How to Fix a Leaking Faucet Supply Line

A leaking faucet supply line—that flexible or rigid tube running from your shutoff valve to the faucet—is one of those small problems that turns into big water damage if you ignore it. Water damage under a sink spreads fast, rots cabinet wood, and creates mold conditions before you realize what's happening. The good news: most leaks are fixable in under an hour with basic tools and often without calling a plumber. The key is identifying whether you're dealing with a simple connection that's come loose, a worn ferrule that's lost its seal, or a line that's actually punctured. This guide walks you through diagnosing the leak and executing the repair.

  1. Stop the Water First. Locate the shutoff valve under the sink—it's the small lever or knob on the line coming from the wall or floor. Turn it clockwise until it stops. If you can't locate it or it won't turn, shut off the main water valve for the house. Turn on the faucet to release any remaining pressure in the line.

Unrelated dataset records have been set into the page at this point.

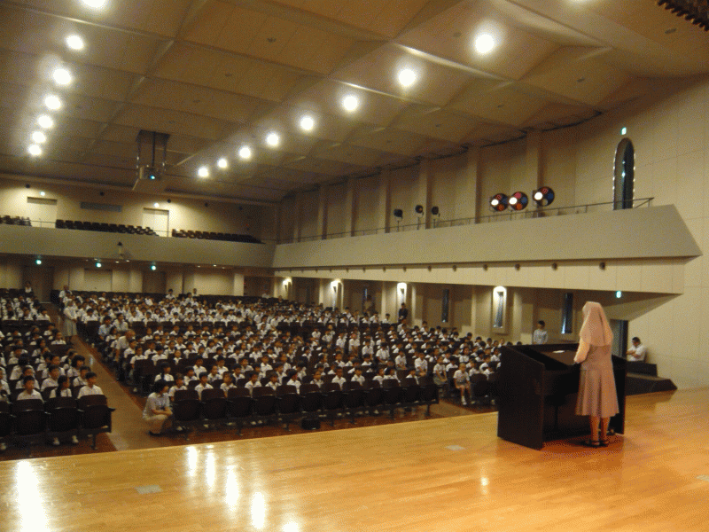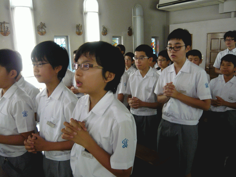 1学期も後1日。お御堂でお祈りをする学年、クラスもありました。
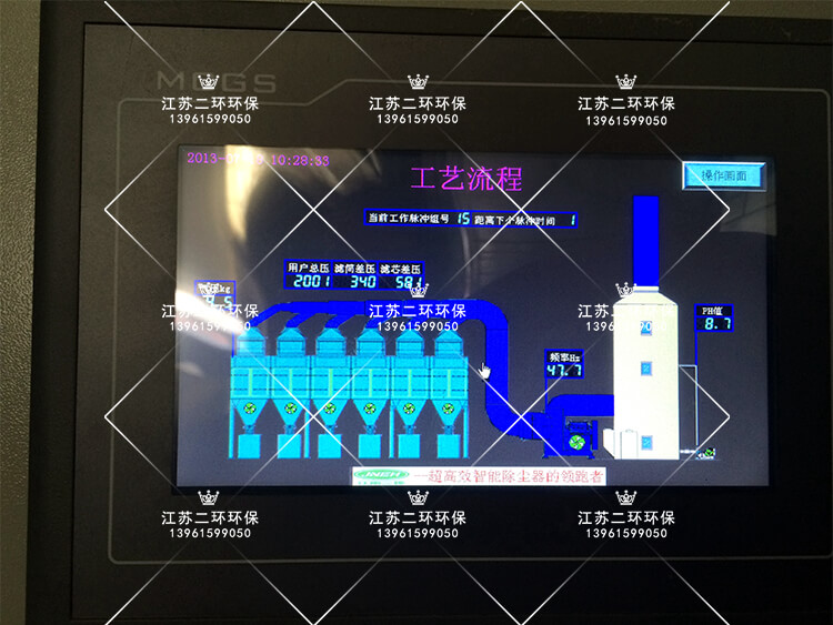 除塵器加裝了相關(guān)檢測的儀器儀表、通過PLC程序控制自動(dòng)運(yùn)行,通過觸目屏展示。
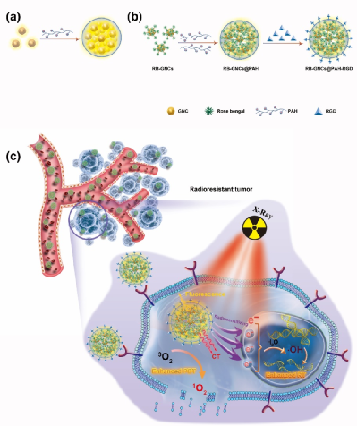 近年来,利用X射线诱导进行光动力治疗(X-PDT)逐渐成为研究热点之一。研究人员通过将光敏剂负载到光学纳米粒子上得到适用于X-PDT的纳米敏化剂,它可以将X射线转化为光学发光去激发光敏剂产生活性氧(ROS),进而在低剂量X射线的照射下实现RT和PDT的协同治疗。该团队前期研究发现,X-PDT可以将放射治疗(RT)和PDT的优点相结合,能够有效抑制深部肿瘤生长(Adv. Mater. 2019, 31, 1808024; Mater. Horiz. 2017, 4, 1092; Nano Lett. 2015,15, 2249; Theranostics 2016, 6, 2295)。
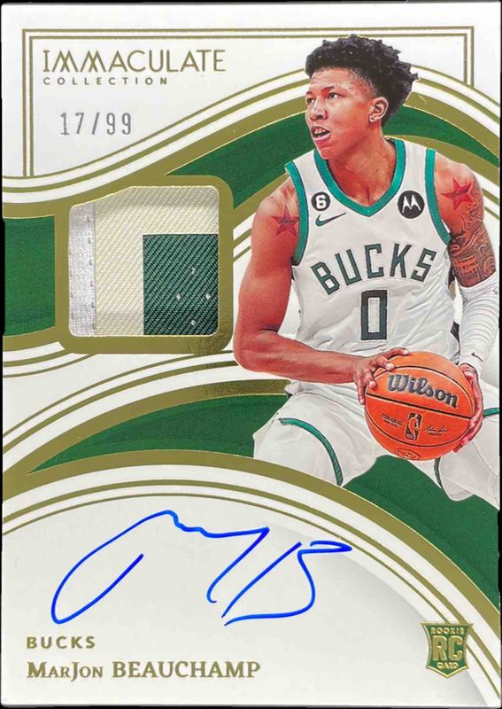 The MarJon Beauchamp 2022 Immaculate #111 Base /99 Rookie card is 1 of 28 MarJon Beauchamp's card variations in the 2022 Immaculate set being tracked by Sports Card Investor, including Red /49, Gold /10, Premium Patch Autographs, Premium Patch Autographs - FOTL, and Premium Patch Autographs - Gold.
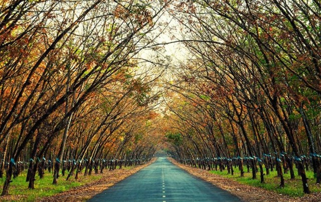 Đến Bình Phước, đi đâu bạn cũng sẽ nhìn thấy rừng cao su bạt ngàn, tuy nhiên ở Bù Đăng vẫn được xem là nơi trồng nhiều cao su hơn cả. Ở đây, cây cao su được trồng xen lẫn giữa các rừng cây non và già tạo nên cả một dải đất rộng bạt ngàn như một bức tranh sơn dầu với đủ các gam màu từ xanh non, xanh thẫm đến vàng, cam, đỏ.
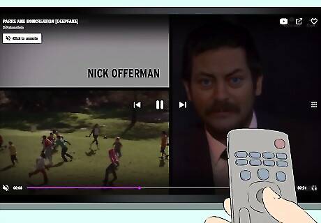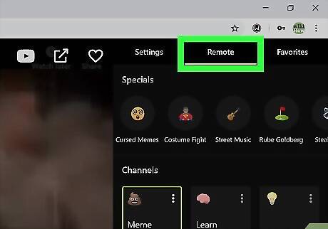 Click the Remote tab to open your remote control. This tab is near the top-right corner of the page. This displays a panel of buttons along the right side of the page which acts as your remote control. To hide the remote, hover your mouse cursor over the video, then click the small icon of 9 squares on the video's rightmost edge. Unhide the remote control by clicking the icon again.

  2. Find the Exact Source. Grab a towel and dry the area completely. Wipe down both supply lines (hot and cold) and the shutoff valves. Look carefully at where the leak is coming from: at the connection nut where the line meets the shutoff valve, at the connection point at the faucet base, along the tube itself, or from a pinhole. Mark the exact spot with your finger.

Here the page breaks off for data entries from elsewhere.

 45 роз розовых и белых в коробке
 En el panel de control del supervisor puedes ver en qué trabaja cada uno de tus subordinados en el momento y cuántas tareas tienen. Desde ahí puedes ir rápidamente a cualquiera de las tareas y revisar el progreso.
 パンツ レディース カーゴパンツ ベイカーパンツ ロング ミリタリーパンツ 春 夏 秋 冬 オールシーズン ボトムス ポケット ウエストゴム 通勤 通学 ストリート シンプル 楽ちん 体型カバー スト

  3. Snug the Valve Connection. Position an adjustable wrench on the connection nut (the large hex nut where the supply line screws onto the shutoff valve). Hold the valve body steady with your other hand or a second wrench. Turn the connection nut clockwise one-half to three-quarter turn. Don't over-tighten—you'll crack the fitting. Turn the shutoff valve back on and watch for drips.

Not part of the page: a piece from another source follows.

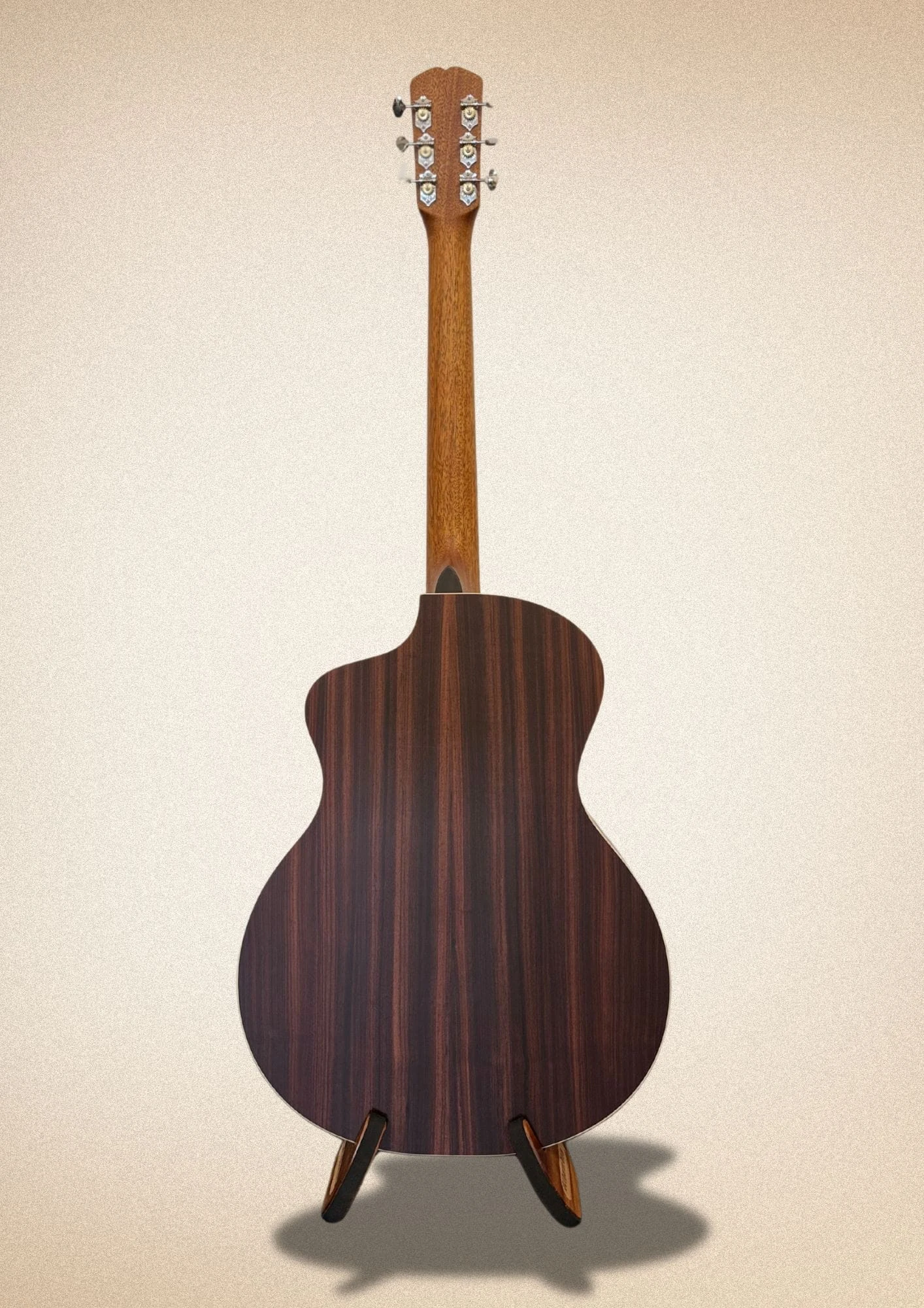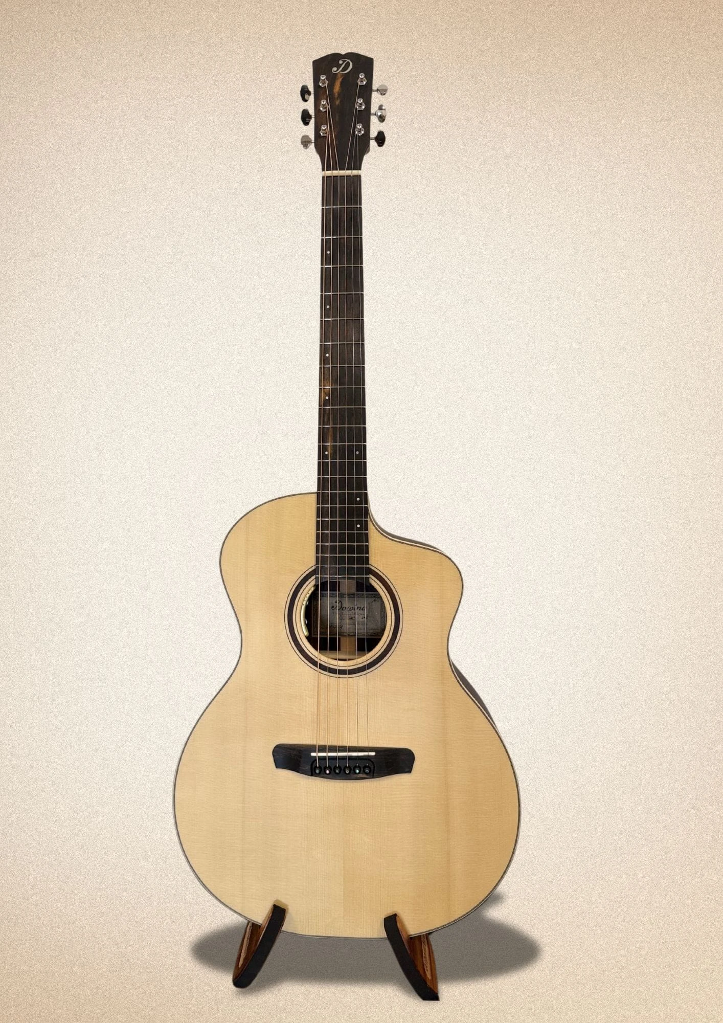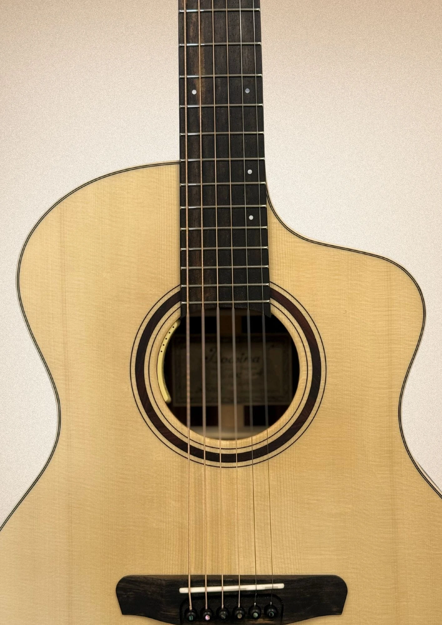 Płyta wierzchnia: Swiss Moon Spruce – szwajcarski świerk księżycowy, znany ze swojej lekkości i wyjątkowej responsywności. Drewno to jest wybierane i ścinane w określonej fazie księżyca, co ma wpływać na jego stabilność i właściwości akustyczne.

  4. Tighten the Faucet End. If the leak persists or comes from the faucet end, repeat the process at the faucet base. Most faucets have a hex nut where the supply line threads in. Tighten it gently with your wrench. If you can't reach it due to cabinet obstruction, you may need a basin wrench—a specialized tool with a long handle designed for this exact situation.
  5. Swap the Seal Washer. If tightening the nuts didn't work, the rubber or metal ferrule inside the fitting has failed. Turn off the water again, unscrew the connection nut completely with your wrench, and pull the supply line away from the valve. You'll see a small rubber or metal ring (the ferrule) at the end of the line. Remove it and replace it with an identical new ferrule from your hardware store. Reattach the line and tighten the nut firmly but not violently.
  6. Install a New Line. If you see a crack in the line itself or a pinhole spray, the line cannot be sealed—it must be replaced. Turn off water, unscrew both connection nuts (at shutoff valve and faucet), and remove the old line. Take it to the hardware store to match the length and thread type. Install the new line hand-tight first, then use your wrench to snug each connection nut. Turn water back on and check.
  7. Verify the Fix Works. Turn on the shutoff valve fully and run the faucet for 10 seconds. Look under the sink while water is flowing and for another 30 seconds after you turn the faucet off. Watch for any drips or spray at the connection points. Leave a towel under the connections for an hour, then check it dry.